Task item — Set down the entries again word for word, without any of the images.

(Records from a dataset)
——————
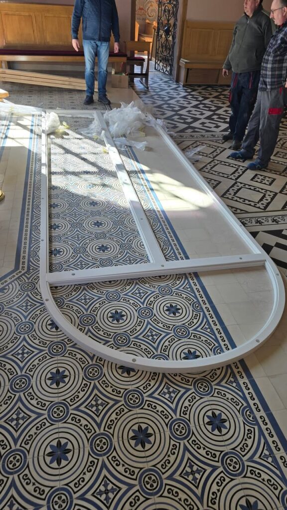 W naszym kościele następuje kolejny etap prac. Montowane są ramy w które wstawiane będą kwatery witraży. Piękne dzieło stolarskie z modrzewia syberyjskiego. W południowym oknie prezbiterium witraż bedzie przedstawiał prawdę wiary „Zmartwychwstał trzeciego dnia”. Witraż będzie zamontowany jeszcze przed Wielkanocą.
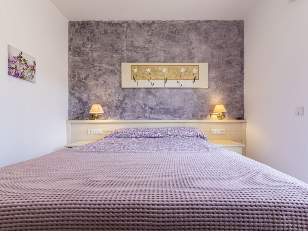 "Llaberia", 4-Zimmer-Reihenhaus 111 m2. Objekt geeignet für 4 Erwachsene + 4 Kinder. Zweckmässig und komfortabel eingerichtet: Wohn-/Esszimmer mit Digital-TV und Klimaanlage. Ausgang zur Terrasse. Küche (Backofen, Geschirrspüler, 3 Glaskeramikherd Platten, Toaster, Wasserkocher, Mikrowelle, elektrische Kaffeemaschine). Sep. WC. Unteres Geschoss: mit Dusche/WC. Obergeschoss: 1 Doppelzimmer mit 1 franz. Bett (140 cm, Länge 190 cm). 1 Zimmer mit 1 Doppeldiwanbett (130 cm, Länge 190 cm) mit Klimaanlage. Dusche/WC. 2. Obergeschoss: abgeschrägt 1 Zimmer mit 2 Betten (90 cm, Länge 190 cm), 1 franz. Bett (135 cm, Länge 190 cm), Klimaanlage. Terrasse. Terrassenmöbel, Gartengrill. Eingeschränkte Sicht auf das Schwimmbad. Zur Verfügung: Waschmaschine, Bügeleisen, Kinderhochstuhl, Babybett bis 2 Jahre, Haartrockner. Internet (Wireless LAN, gratis). Garage auf dem Grundstück (1 Auto). Bitte beachten: Nichtraucher-Haus, Parkplatz nur für kleine Wagen. Der ausgeschriebene Pool ist zur alleinigen Nutzung. HUTT011315
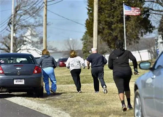 Phụ huynh chạy đến Trường Madison đón con sau khi nghe tin vụ nổ súng ngày 29-2-2016. Ảnh: Dayton Daily News
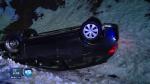 "The vehicle crossed into oncoming traffic, corrected and then obviously ended up here, on its top," said UHP Sgt. Wyatt Weber, standing next to a car that rolled while traveling from I-215 to eastbound I-80.
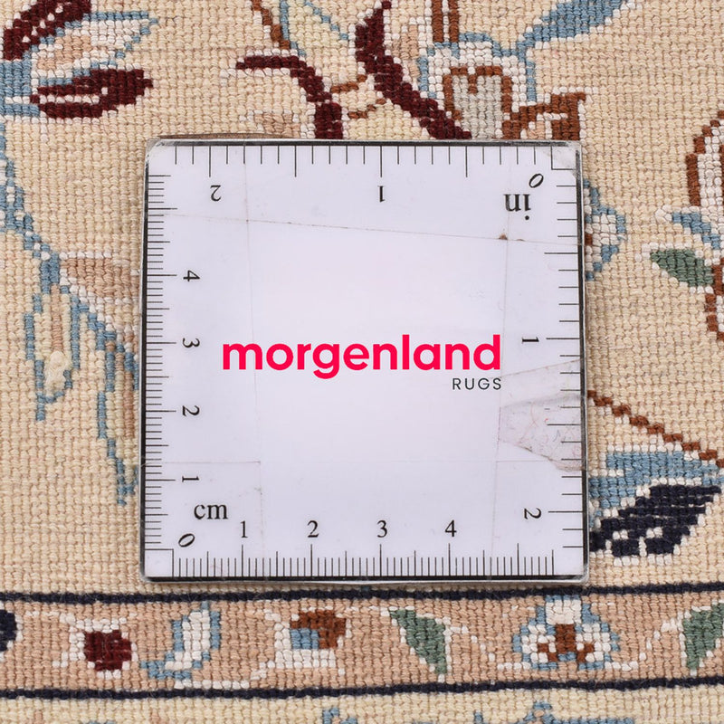 Dieser schöne und selten fein geknüpfte Perserteppich – Nain – Premium gehört zur höchsten Qualitätsstufe 4 mit circa 890.000 bis 1.000.000 Knoten pro Quadratmeter. Dem feinen Nain 6La, ist der Ruhm der Provenienz zu verdanken. Er gilt im gesamten Orient als besonders hochwertiger persischer Teppich. Nain Teppiche werden in hervorragender Feinheit geknüpft. Als Flormaterial wird meist beste, samtartige Korkwolle und immer Seide verwendet, damit eine exakte Musterung von Medaillons und All Over-Musterung ausgeführt werden kann. Man unterscheidet den Nain in 4 Qualitätsstufen, die in „La“ angegeben werden. 4La, 6La, 9La, 12La. Dies ist eine Qualitätsbezeichnung und bezieht sich auf die Anzahl der Fadenschichten, die in jedem Kettenfaden enthalten sind. Je geringerer die angegebene Zahl ist, desto feiner und dichter ist der Teppich. Nains gehören zu den Schönsten auf der Welt. Sie sind bei Sammlern sehr beliebt. Durch ihre schlichte Eleganz passen Nains auch in moderne Einrichtungen.
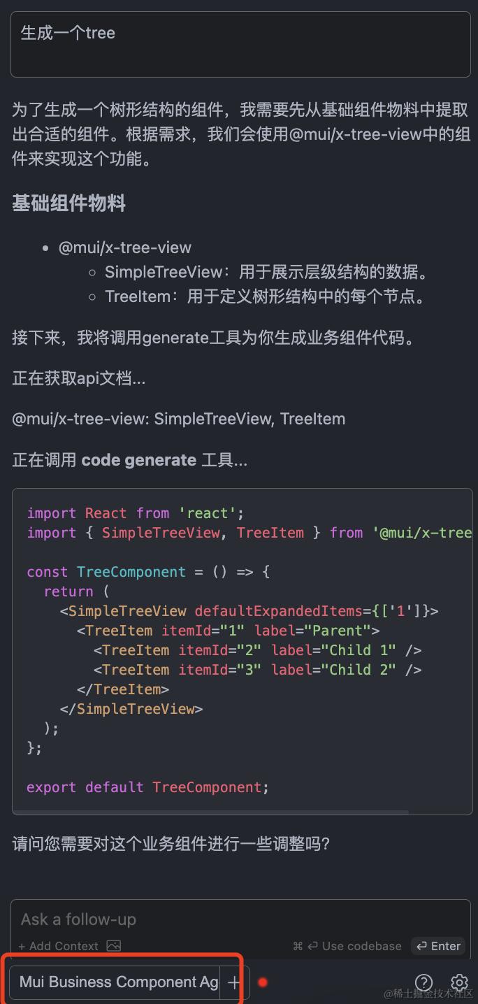 于是,我们开发一个 Agent 能够召回最新的 @mui/x-tree-view 组件知识来生成代码。
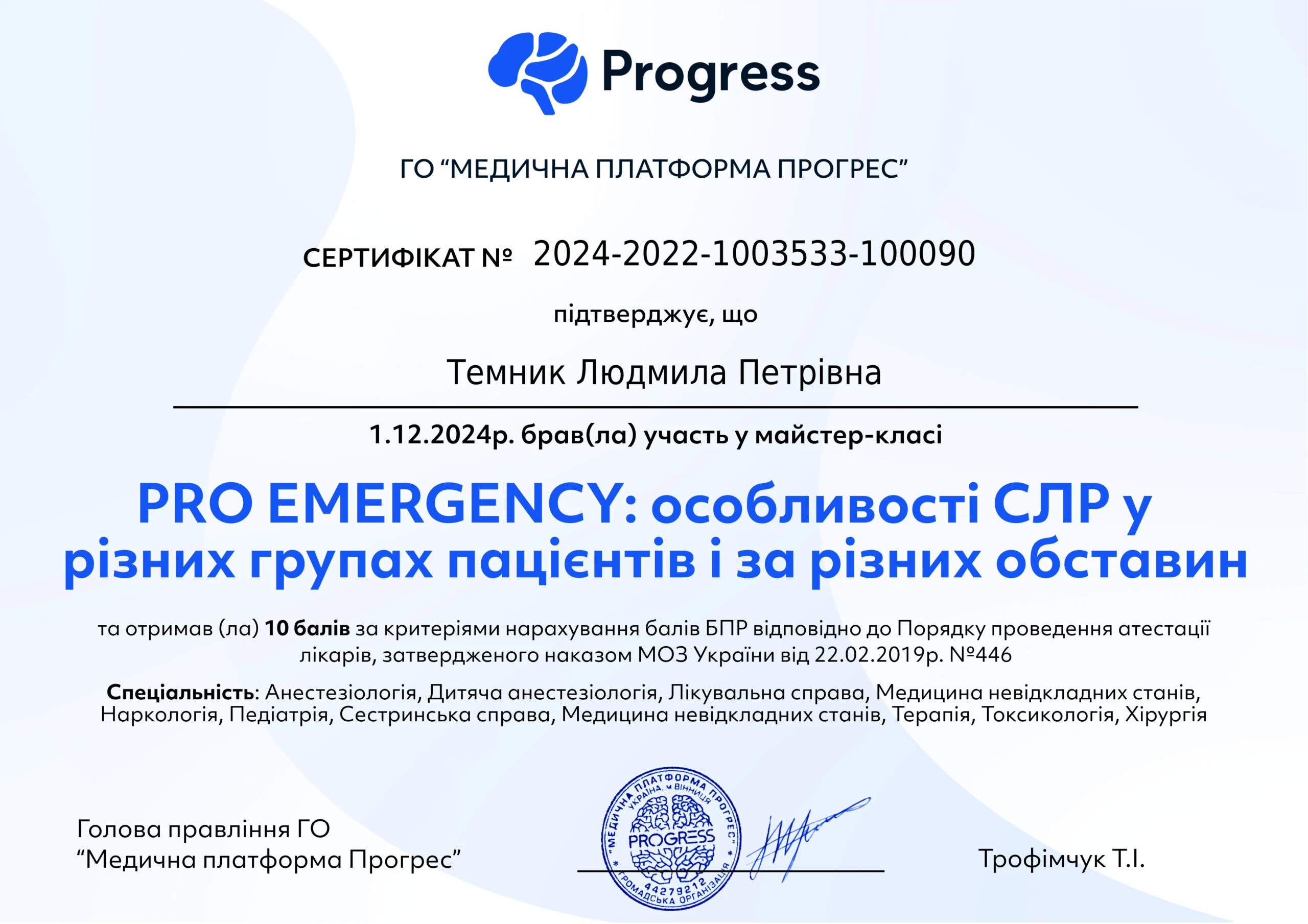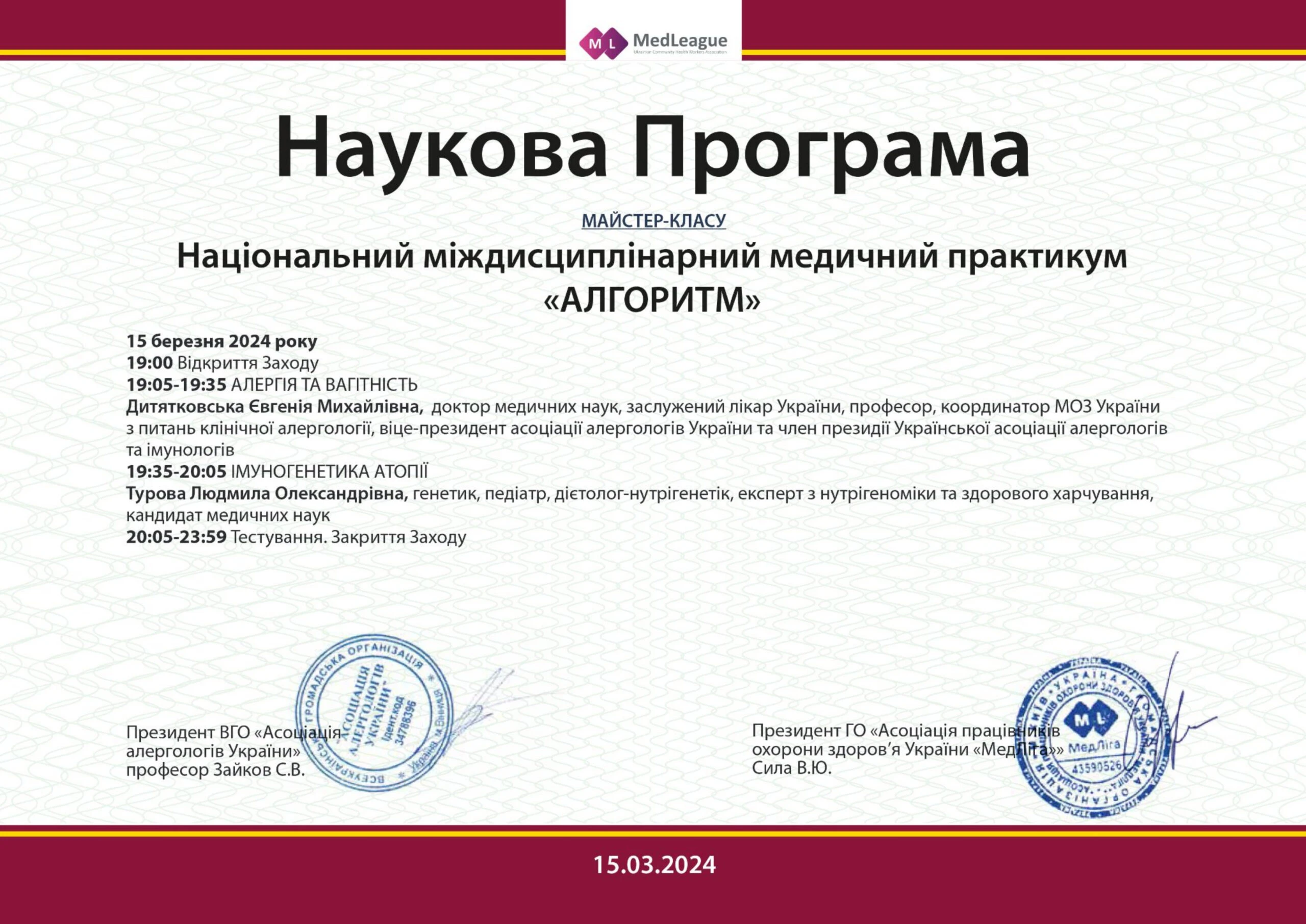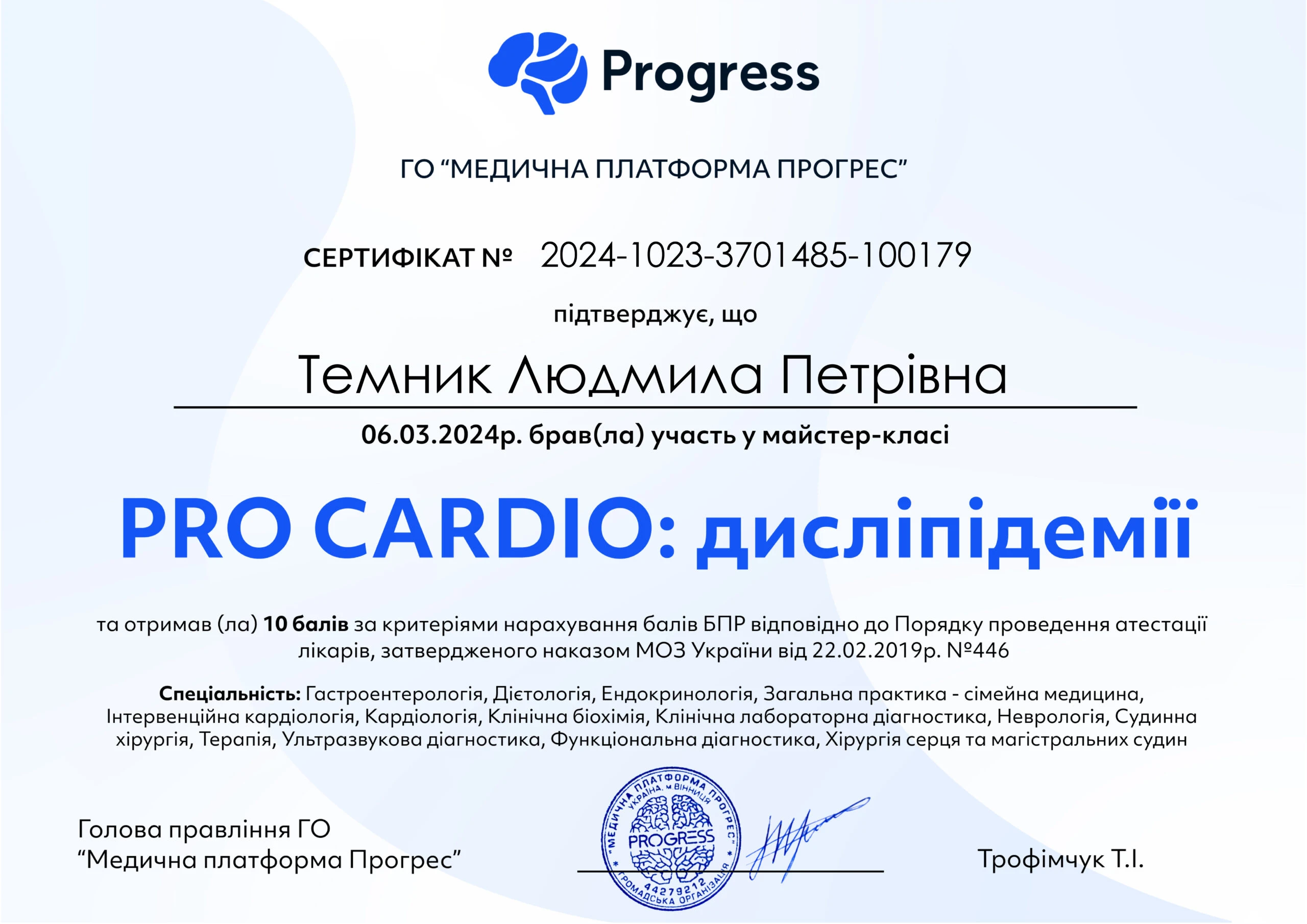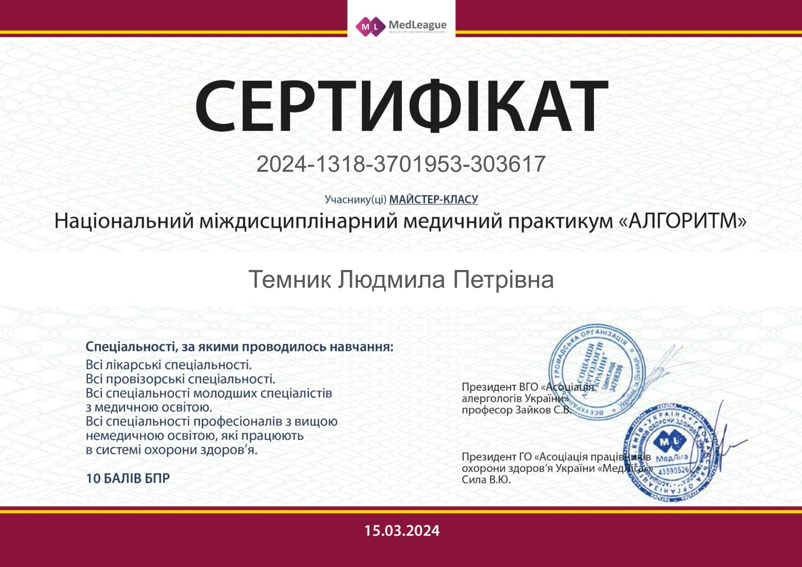 • Тематичне удосконалення «Сучасні аспекти клініки, діагностики та лікування захворювань внутрішніх органів», 2025
——————
Solution —
 W naszym kościele następuje kolejny etap prac. Montowane są ramy w które wstawiane będą kwatery witraży. Piękne dzieło stolarskie z modrzewia syberyjskiego. W południowym oknie prezbiterium witraż bedzie przedstawiał prawdę wiary „Zmartwychwstał trzeciego dnia”. Witraż będzie zamontowany jeszcze przed Wielkanocą.
 "Llaberia", 4-Zimmer-Reihenhaus 111 m2. Objekt geeignet für 4 Erwachsene + 4 Kinder. Zweckmässig und komfortabel eingerichtet: Wohn-/Esszimmer mit Digital-TV und Klimaanlage. Ausgang zur Terrasse. Küche (Backofen, Geschirrspüler, 3 Glaskeramikherd Platten, Toaster, Wasserkocher, Mikrowelle, elektrische Kaffeemaschine). Sep. WC. Unteres Geschoss: mit Dusche/WC. Obergeschoss: 1 Doppelzimmer mit 1 franz. Bett (140 cm, Länge 190 cm). 1 Zimmer mit 1 Doppeldiwanbett (130 cm, Länge 190 cm) mit Klimaanlage. Dusche/WC. 2. Obergeschoss: abgeschrägt 1 Zimmer mit 2 Betten (90 cm, Länge 190 cm), 1 franz. Bett (135 cm, Länge 190 cm), Klimaanlage. Terrasse. Terrassenmöbel, Gartengrill. Eingeschränkte Sicht auf das Schwimmbad. Zur Verfügung: Waschmaschine, Bügeleisen, Kinderhochstuhl, Babybett bis 2 Jahre, Haartrockner. Internet (Wireless LAN, gratis). Garage auf dem Grundstück (1 Auto). Bitte beachten: Nichtraucher-Haus, Parkplatz nur für kleine Wagen. Der ausgeschriebene Pool ist zur alleinigen Nutzung. HUTT011315
 Phụ huynh chạy đến Trường Madison đón con sau khi nghe tin vụ nổ súng ngày 29-2-2016. Ảnh: Dayton Daily News
 "The vehicle crossed into oncoming traffic, corrected and then obviously ended up here, on its top," said UHP Sgt. Wyatt Weber, standing next to a car that rolled while traveling from I-215 to eastbound I-80.
 Dieser schöne und selten fein geknüpfte Perserteppich – Nain – Premium gehört zur höchsten Qualitätsstufe 4 mit circa 890.000 bis 1.000.000 Knoten pro Quadratmeter. Dem feinen Nain 6La, ist der Ruhm der Provenienz zu verdanken. Er gilt im gesamten Orient als besonders hochwertiger persischer Teppich. Nain Teppiche werden in hervorragender Feinheit geknüpft. Als Flormaterial wird meist beste, samtartige Korkwolle und immer Seide verwendet, damit eine exakte Musterung von Medaillons und All Over-Musterung ausgeführt werden kann. Man unterscheidet den Nain in 4 Qualitätsstufen, die in „La“ angegeben werden. 4La, 6La, 9La, 12La. Dies ist eine Qualitätsbezeichnung und bezieht sich auf die Anzahl der Fadenschichten, die in jedem Kettenfaden enthalten sind. Je geringerer die angegebene Zahl ist, desto feiner und dichter ist der Teppich. Nains gehören zu den Schönsten auf der Welt. Sie sind bei Sammlern sehr beliebt. Durch ihre schlichte Eleganz passen Nains auch in moderne Einrichtungen.
 于是,我们开发一个 Agent 能够召回最新的 @mui/x-tree-view 组件知识来生成代码。
 • Тематичне удосконалення «Сучасні аспекти клініки, діагностики та лікування захворювань внутрішніх органів», 2025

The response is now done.